Additionally, the largest creditor of the long-defunct Mt. Gox indicated that it will not be selling the Bitcoin it is expected to receive, easing some fears about the cryptocurrency's future valuation.

The FED wants more control over stablecoins, and Gensler backs up the SEC's approach.

The Federal Reserve's Michael Barr delivered a speech at the Peterson Institute for International Economics on Thursday. Barr stated that the FED's mandate regarding digital assets is obvious to him and that there is a huge need for robust guardrails that allow for just enough discretion to enable innovation.

Despite praising the potential provided by the blockchain, Barr remained cautious about the value of cryptocurrencies themselves. Furthermore, he restated Chair Powell's position that stablecoins are squarely within the FED's purview.

Later in the day, SEC Chairman Gary Gensler gave his thoughts on digital assets and the Commission's recent initiatives in the area. In his letter, Gensler asserted once more that the law regarding cryptocurrency is quite clear. Additionally, he noted that he considers the notion that there is little certainty for corporations from the sector "unpersuasive".

Gensler also stated that it appears that bitcoin firms are aiming to obtain SEC permission without making the necessary efforts to become compliant. He also stated that, despite claims made by several corporations, the number of digital asset enterprises ready to speak with his organization is limited.

He also emphasized that the Commission had previously brought over 100 lawsuits against corporations in the industry, and later that day, Lee Reiners, one of the witnesses at the day's hearing before Congress, stated that the SEC had won all of them.

The Digital Assets Subcommittee's Hawks and Doves

Thursday, March 9th, may also go down as a watershed moment for digital assets in the United States, as it included the inaugural hearing of the Subcommittee on Digital Assets, Financial Technologies, and Inclusion.

While the day failed to provide a clear path forward, it highlighted that the Subcommittee is comprised equally of digital asset supporters and bitcoin detractors.

The hearing's issues ranged from whether digital assets should be classed as securities or commodities to the potential terrorist danger presented if the cryptocurrency sector is forced to continue its development outside of the United States.

The viewpoints taken by the members and witnesses differed as well.
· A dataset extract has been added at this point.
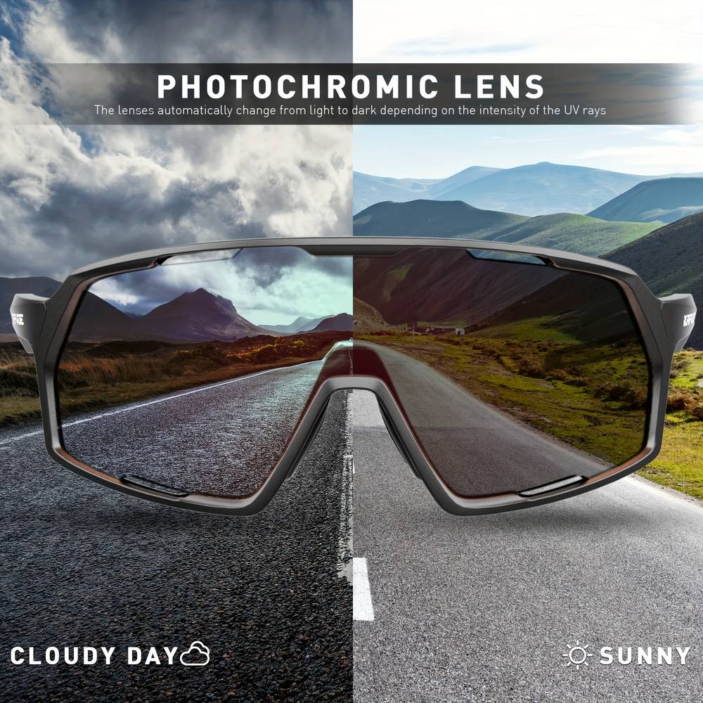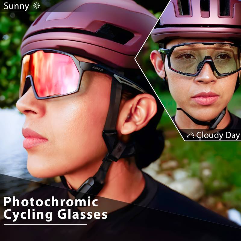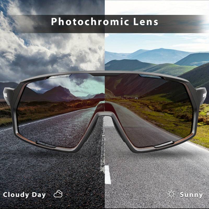 KAPVOE Photochromic Cycling Glasses are the ultimate eyewear for those who love outdoor sports. The photochromic lenses automatically adjust to changing light conditions, providing optimal clarity in both bright sunlight and low-light environments. Made from high-quality polycarbonate (PC) material, the lenses offer excellent optical clarity and are impact-resistant, making them ideal for cycling, mountain biking (MTB), and other outdoor activities.

Others, such as Representative Emmer, a vocal supporter of digital assets, have said that the current crackdown is part of the Biden Administration's strategy to curtail financial freedom and push America down a more authoritarian road.

Others, like Congressman Sherman, were strongly dismissive of the whole premise of cryptocurrencies claiming that their name already portrays them as "hidden" money which could only be tempting to "bad actors". Congresswoman Lynch also dismissed the notion that FTX, with all of its deceit, was just "a bad apple," and declared the entire sector to be rotten.

The fact that the United States is lagging far behind other industrialized nations in terms of cryptocurrency legislation was a key source of worry for the digital asset advocated, both among members and witnesses. The fear, as expressed by Coinbase CEO Brian Armstrong in a recent opinion article, is that the United States will lose its critical role in the global economy as a result of its inability to properly and swiftly manage digital assets.

Congresswoman Houchin, one of the Subcommittee's supporters, went so far as to argue that the race to properly foster the growth of digital assets is the space race of our time.